## Assigned task
Lines before the one holding "Brunette hair stepsister" are not wanted. Please copy that line and everything after it to the end of the records, exactly, skipping pictures.

=-=-=

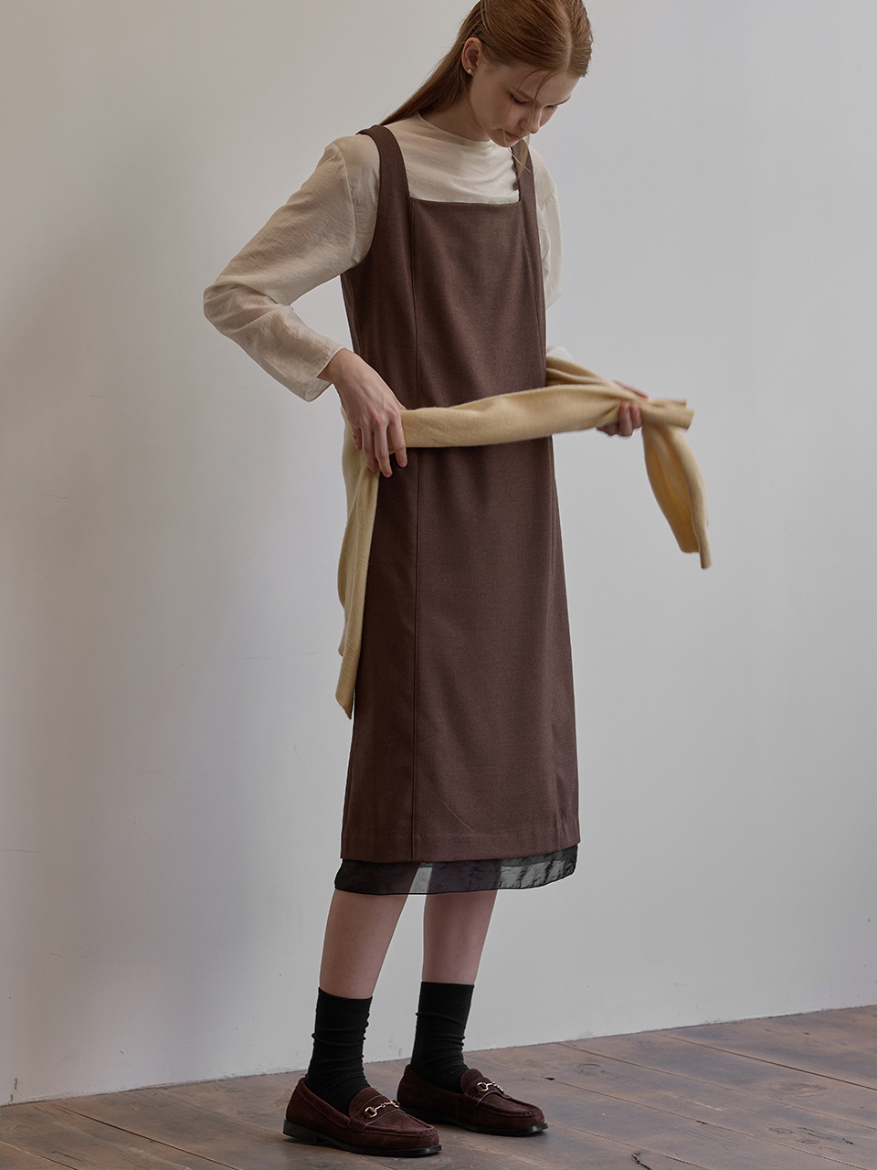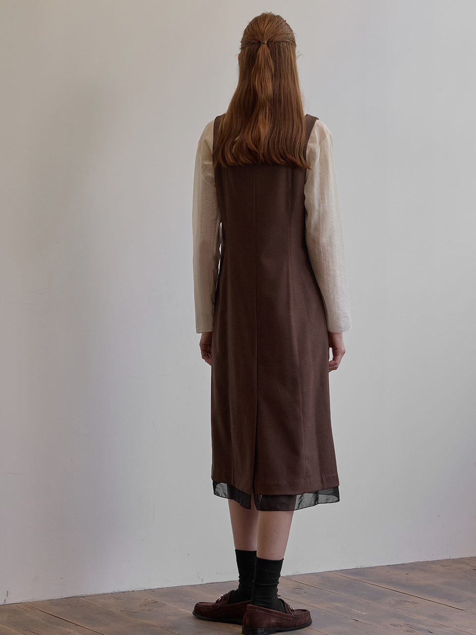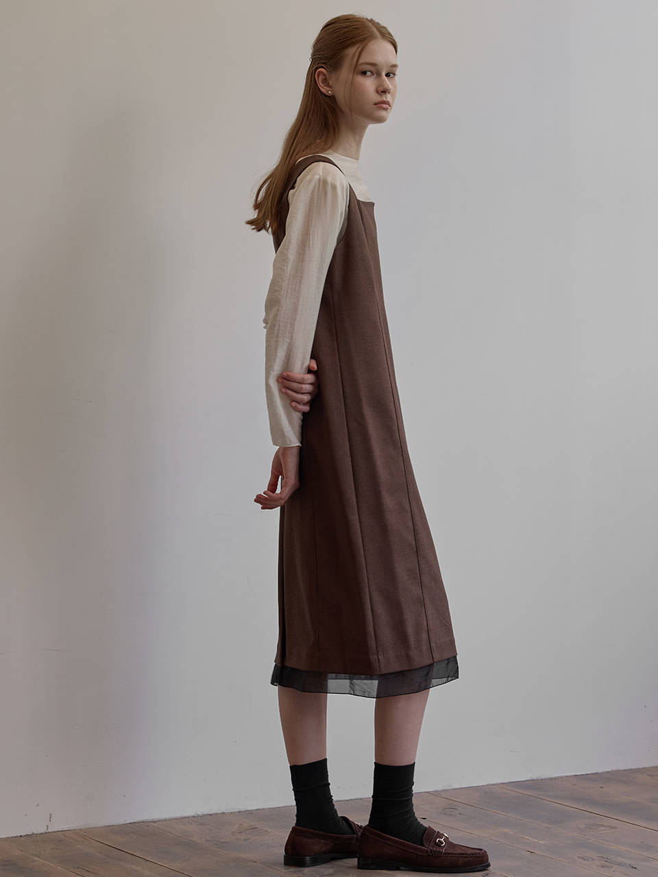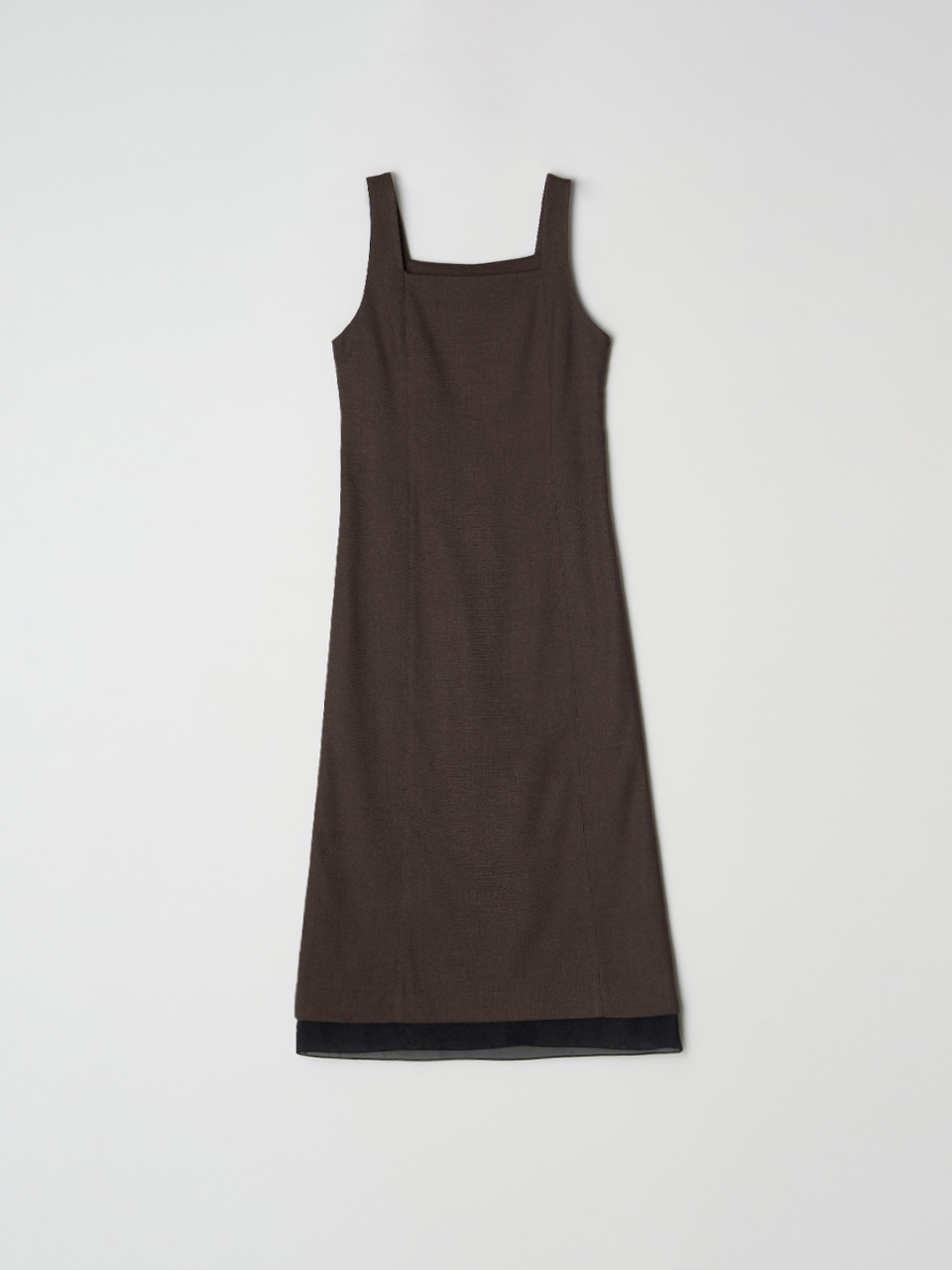 Hem line sheer patch dress - Brown
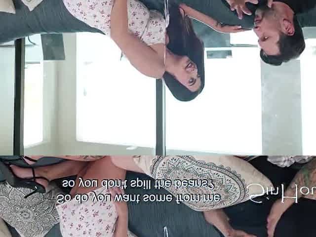Brunette hair stepsister gets a hard butt pounding
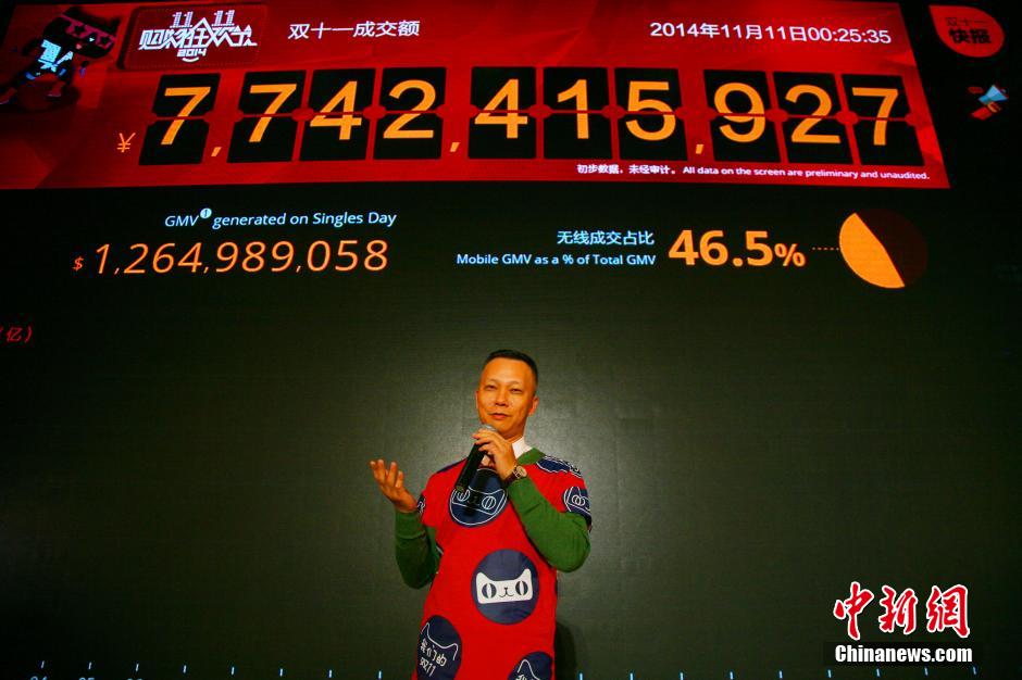 11月11日,阿里巴巴集团CEO陆兆禧接受媒体采访。据悉,今年双十一,是历年商家数目参与最多的一年,仅天猫就有近2.7万商家、4.2万个品牌参与其中。天猫总裁王煜磊表示,双11早已不再是天猫的双11,而是属于全社会、全球的双11。中新社发 李晨韵 摄
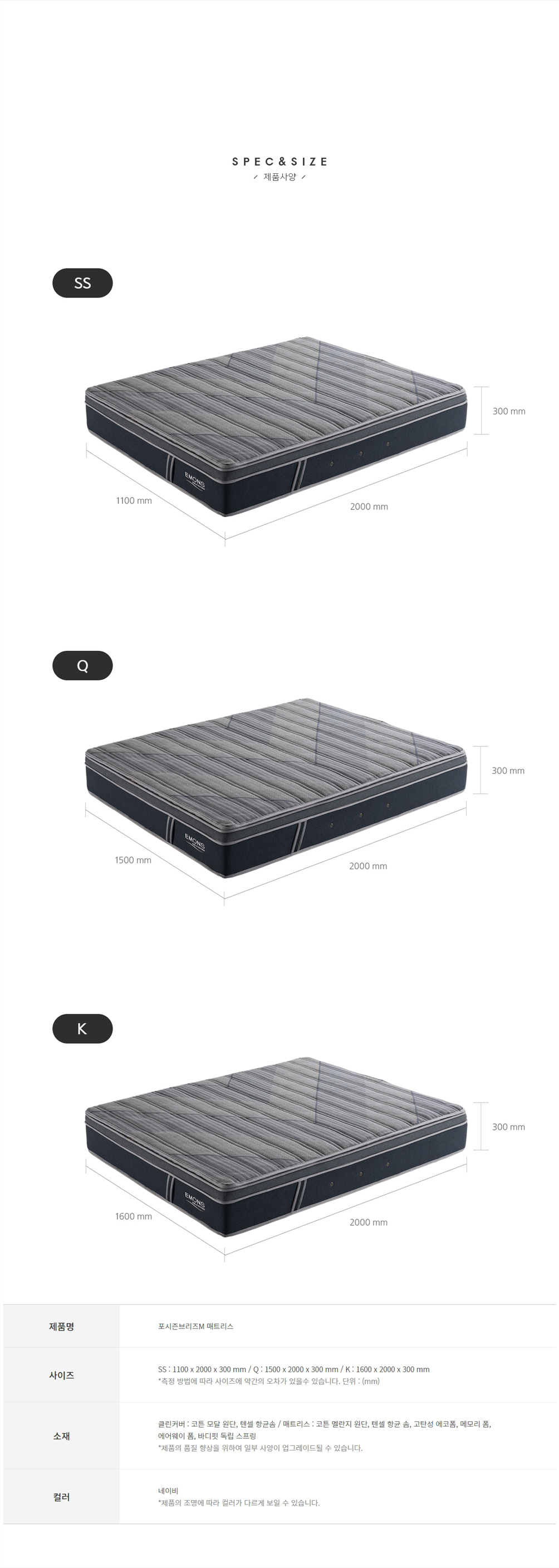 SS : 1100 × 2000 × 300 (+0원)Q : 1500 × 2000 × 300 (+380,000원)K : 1600 × 2000 × 300 (+540,000원)
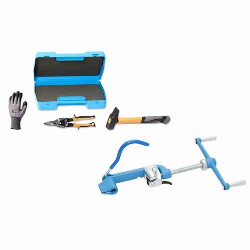 Ce pack inclut l'ensemble du matériel nécessaire à l'installation du feuillard avec une cercleuse à vis.

=-=-=

## Problem solution
Brunette hair stepsister gets a hard butt pounding
 11月11日,阿里巴巴集团CEO陆兆禧接受媒体采访。据悉,今年双十一,是历年商家数目参与最多的一年,仅天猫就有近2.7万商家、4.2万个品牌参与其中。天猫总裁王煜磊表示,双11早已不再是天猫的双11,而是属于全社会、全球的双11。中新社发 李晨韵 摄
 SS : 1100 × 2000 × 300 (+0원)Q : 1500 × 2000 × 300 (+380,000원)K : 1600 × 2000 × 300 (+540,000원)
 Ce pack inclut l'ensemble du matériel nécessaire à l'installation du feuillard avec une cercleuse à vis.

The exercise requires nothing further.